Obama is not a problem solver. A real problem solver (like me) first asks, "What can we do with the hand we've been dealt? A fragile economic recovery, lower federal tax revenues, looming entitlement fund solvency issues, an exploding federal debt that is flirting with hyperinflation?" We don't push on a string; how amazing is it that these progressives can talk about action needed now to deal with some abstract future health care crisis, whereas by any reasonable assessment of national priorities we are dealing with a fragile recovery and roughly 17% unemployed/underemployed workers and real, not imaginary, entitlement fund reserve crises? The answer is not some meglomaniac paternalistic health care sector takeover. We need to set priorities--deal with the treatment of catastrophic expenses, shore up existing state/regional vehicles for subsidizing high risk households, enable independently-managed, self-insured, tax-advantaged, cross-state cooperatives for small businesses, allow Americans more consumer choice of health care insurance plans without expensive individual state-mandated supplemental benefits, etc. If you are really worried about Anthem Blue Cross individual coverage customers with up to 39% premium increases in California, let them shop across the state line. The solution is NOT to micromanage rates that are necessary to cover the costs of a smaller, higher-risk pool of policyholders.

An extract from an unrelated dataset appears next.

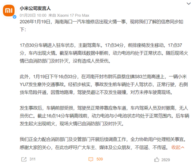 回顾事件,2026年1月19日下午,海南海口一家汽车服务中心内,一辆正在等待清洗的 小米SU7突然自燃,现场浓烟滚滚。据车主回忆,他下车仅七分钟后就接到了车辆起火的通知。同日,河南开封也发生了一起小米汽车在碰撞事故后起火的事件。

Policy Reconciliation = Budget Reconciliation?
In my view, if that complementary bill is subject to the filibuster, the Senate GOP should declare any complementary bill will be filibustered--otherwise, this essentially would allow the Democrats to work around Scott Brown's decisive vote as if the January election didn't mean anything.
According to the Washington Post, this fix-it will be precisely the reconciliation bill. What the Democrats are essentially doing is a workaround to major legislation that abuses process, i.e., strip Senate minority rights in dealing with reconciled bills. Standalone, the Christmas week Senate bill would never pass the House. If the present Obama-moderated bill, currently the basis of House/Senate legislation, would be presented to the Senate, it would be successfully filibustered, because all Obama does are fine-tuned cosmetic changes--essentially scrub some of the most egregious deal-making that Republicans have criticized, e.g., the Cornhusker kickback, and include some weak variations of certain Republican ideas, such as tort reform. So what the Democrats will do is get the House to pass the Senate bill into law (with Obama's signature--not a problem), while simultaneously abusing the budget reconciliation process to do policy reconciliation. The Democrats are already engaging disingenuous political spin by putting the cart before the horse, i.e., equating policy changes with budget reconciliation, claiming policies have budgetary considerations. This is an unethical leap-of-logic loophole which would set a precedent by allowing majority-controlled Congresses to bide their time to pass divisive policy legislation of their choice.
Republicans: Don't Underestimate the Senate Health Bill Carrying in the House
The GOP seems to think it's a no-brainer: the House just barely passed health reform, the Senate passed a bill without the abortion language and the public option in the House version crucial to the former's passage. So if you have some liberal Democrats voting against the Senate bill out of principle for lack of a public option, as they have repeatedly vowed, and the pro-life Democrats voting without the necessary abortion language, etc., that's more than enough to defeat the bill.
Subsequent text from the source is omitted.